Exercise: Your output should be the lines of the data that follow, reproduced exactly from the first through the line bearing "Đề Thi HK1 Toán".

....

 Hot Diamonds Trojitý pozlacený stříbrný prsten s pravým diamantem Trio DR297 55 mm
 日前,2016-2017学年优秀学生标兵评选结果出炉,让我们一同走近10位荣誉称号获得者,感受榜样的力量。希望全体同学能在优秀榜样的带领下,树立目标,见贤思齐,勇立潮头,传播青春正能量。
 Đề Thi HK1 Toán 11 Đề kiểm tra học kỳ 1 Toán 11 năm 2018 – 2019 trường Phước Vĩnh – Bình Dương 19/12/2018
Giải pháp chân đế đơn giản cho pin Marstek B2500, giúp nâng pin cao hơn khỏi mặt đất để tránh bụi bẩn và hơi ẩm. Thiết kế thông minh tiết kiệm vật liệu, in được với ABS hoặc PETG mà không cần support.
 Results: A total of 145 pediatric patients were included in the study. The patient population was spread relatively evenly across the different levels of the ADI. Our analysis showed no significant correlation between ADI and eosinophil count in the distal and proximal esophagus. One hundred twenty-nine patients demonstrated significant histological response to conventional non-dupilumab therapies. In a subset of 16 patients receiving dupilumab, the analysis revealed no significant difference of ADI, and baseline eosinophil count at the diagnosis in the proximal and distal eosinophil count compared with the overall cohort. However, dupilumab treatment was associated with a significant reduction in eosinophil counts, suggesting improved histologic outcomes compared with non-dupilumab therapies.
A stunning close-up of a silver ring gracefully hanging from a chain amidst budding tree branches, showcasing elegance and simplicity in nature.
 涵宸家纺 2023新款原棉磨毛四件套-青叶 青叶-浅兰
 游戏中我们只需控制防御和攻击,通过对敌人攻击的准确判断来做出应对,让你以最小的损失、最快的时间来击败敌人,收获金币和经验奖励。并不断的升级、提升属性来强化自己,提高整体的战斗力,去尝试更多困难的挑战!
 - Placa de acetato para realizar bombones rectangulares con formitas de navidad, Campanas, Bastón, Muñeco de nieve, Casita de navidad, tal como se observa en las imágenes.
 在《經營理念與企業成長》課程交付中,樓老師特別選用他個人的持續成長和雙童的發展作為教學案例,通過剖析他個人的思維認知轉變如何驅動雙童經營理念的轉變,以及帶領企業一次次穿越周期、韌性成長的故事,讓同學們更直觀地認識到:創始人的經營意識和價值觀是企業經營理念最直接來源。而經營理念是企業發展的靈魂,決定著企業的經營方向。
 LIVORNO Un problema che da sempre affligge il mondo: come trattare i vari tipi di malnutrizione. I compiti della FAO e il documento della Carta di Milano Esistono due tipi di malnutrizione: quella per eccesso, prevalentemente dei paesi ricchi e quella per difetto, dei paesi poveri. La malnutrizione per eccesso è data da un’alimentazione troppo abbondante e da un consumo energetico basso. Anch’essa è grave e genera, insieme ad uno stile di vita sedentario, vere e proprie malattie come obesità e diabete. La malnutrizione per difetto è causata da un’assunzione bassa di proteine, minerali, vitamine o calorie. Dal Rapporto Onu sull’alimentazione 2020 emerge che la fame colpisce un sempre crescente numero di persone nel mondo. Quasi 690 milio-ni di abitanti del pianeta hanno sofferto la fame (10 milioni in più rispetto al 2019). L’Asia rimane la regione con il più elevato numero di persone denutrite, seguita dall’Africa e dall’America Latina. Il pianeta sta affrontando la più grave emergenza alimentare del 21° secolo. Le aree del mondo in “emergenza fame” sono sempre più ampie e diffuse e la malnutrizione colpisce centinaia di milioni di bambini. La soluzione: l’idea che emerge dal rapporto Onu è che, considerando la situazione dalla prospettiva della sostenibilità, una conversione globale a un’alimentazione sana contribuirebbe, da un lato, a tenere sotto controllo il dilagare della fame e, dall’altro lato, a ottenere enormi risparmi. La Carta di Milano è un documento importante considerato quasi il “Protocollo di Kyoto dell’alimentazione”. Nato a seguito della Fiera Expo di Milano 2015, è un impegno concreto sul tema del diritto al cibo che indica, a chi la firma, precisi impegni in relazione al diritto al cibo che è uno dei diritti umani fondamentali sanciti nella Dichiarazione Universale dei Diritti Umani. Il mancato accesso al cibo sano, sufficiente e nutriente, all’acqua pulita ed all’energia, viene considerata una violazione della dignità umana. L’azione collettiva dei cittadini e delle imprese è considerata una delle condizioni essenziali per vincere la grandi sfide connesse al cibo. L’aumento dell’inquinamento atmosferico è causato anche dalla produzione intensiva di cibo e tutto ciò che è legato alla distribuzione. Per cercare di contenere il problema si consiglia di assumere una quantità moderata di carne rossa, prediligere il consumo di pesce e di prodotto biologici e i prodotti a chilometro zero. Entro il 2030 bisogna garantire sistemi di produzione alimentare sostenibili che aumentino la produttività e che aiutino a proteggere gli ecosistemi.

....

Written answer:
 Hot Diamonds Trojitý pozlacený stříbrný prsten s pravým diamantem Trio DR297 55 mm
 日前,2016-2017学年优秀学生标兵评选结果出炉,让我们一同走近10位荣誉称号获得者,感受榜样的力量。希望全体同学能在优秀榜样的带领下,树立目标,见贤思齐,勇立潮头,传播青春正能量。
 Đề Thi HK1 Toán 11 Đề kiểm tra học kỳ 1 Toán 11 năm 2018 – 2019 trường Phước Vĩnh – Bình Dương 19/12/2018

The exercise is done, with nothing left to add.